Работы много, но считается, что к настоящей работе мы еще не приступили. У меня, например, шесть наблюдений в сутки – каждые четыре часа. Точнее, пять, так как от ночного меня освобождают, сменяясь поочередно, Миша Нестеров и Сережа Козырев. Я, конечно, отказывалась, но Иннокентий довольно резко оборвал меня и сказал, чтоб я берегла силы к тому времени, когда придет «настоящая» работа.

Работы, как я уже сказала, хватает и сейчас. Каждые четыре часа записываешь температуру, облачность, силу и направление ветра, показания доброго десятка самописцев. Еще обработка наблюдений. Я не запускаю, обрабатываю тут же следом.

Затем бежишь сломя голову в радиорубку, где уже целый холм приготовленных для передачи радиограмм.

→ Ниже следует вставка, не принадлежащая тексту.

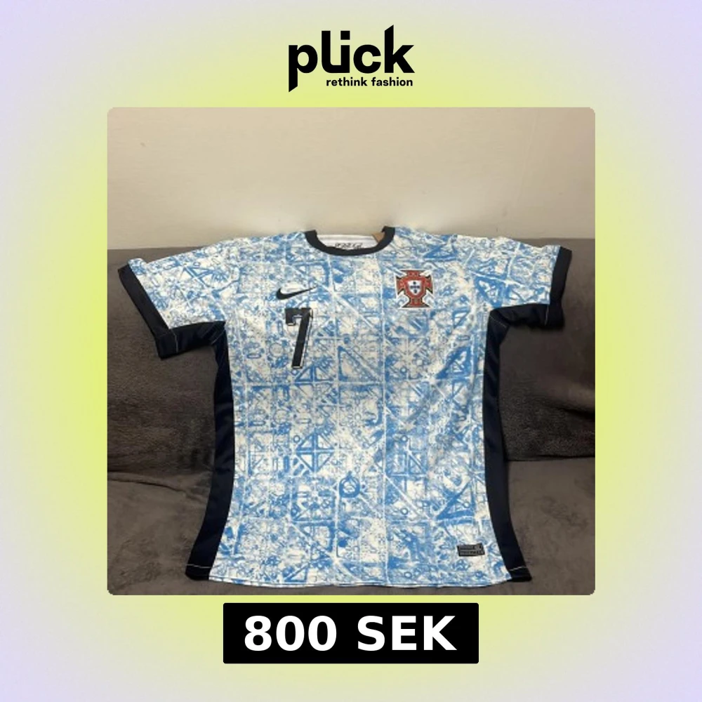 Säljer en unik Portugal fotbollströja med de finaste färgarna. Tröjan har korta ärmar och nummer 7 på både fram- och baksidan. Perfekt för fotbollsfans som vill sticka ut! Även Ronaldo på ryggen!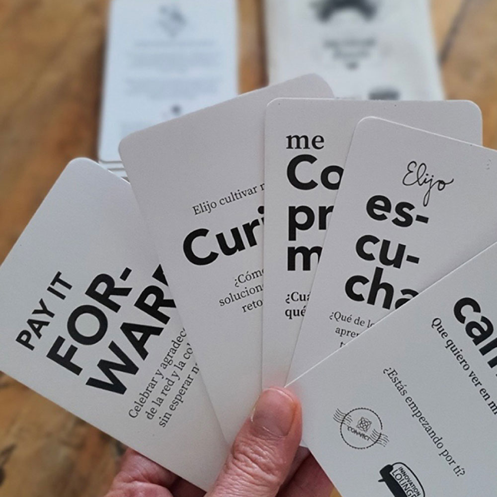 Kit de 21 cartas que te invitan a elegir y estar presente para transformar tus pensamientos, palabras y acciones. Puede ser utilizada en facilitaciones, grupos de trabajo o de manera personal. Personalizable según cantidades.

А на палубе часами возятся со своими приборами «научники», как зовут научных работников матросы. Делают по пять станций* в сутки. В семь утра подъем. Половина восьмого – завтрак, крепкий чай или кофе. И уже грохочут лебедки гидрологов – Яша и Барабаш начали наблюдения. На корме спускают сетки для планктона и рыбы Иннокентий и Сережа. Затем они переходят на правый борт и спускают дночерпатель для изучения бентоса. Я записываю погоду, а Миша Нестеров с помощью кого-либо из матросов выпускает радиозонд – огромный шар, несущий блоки крохотных приборов. Они автоматически сообщают по радио все данные атмосферы над «Ассоль». После чего Миша по моим данным (и как метеоролога, и как радиста) составляет синоптические прогнозы, которые каждый день самолично вывешивает на доске объявлений (матросы заключают пари: ошибется он или попадет в точку). Он же изучает лучистую энергию солнца. И всегда весел, всегда насвистывает или напевает без слов.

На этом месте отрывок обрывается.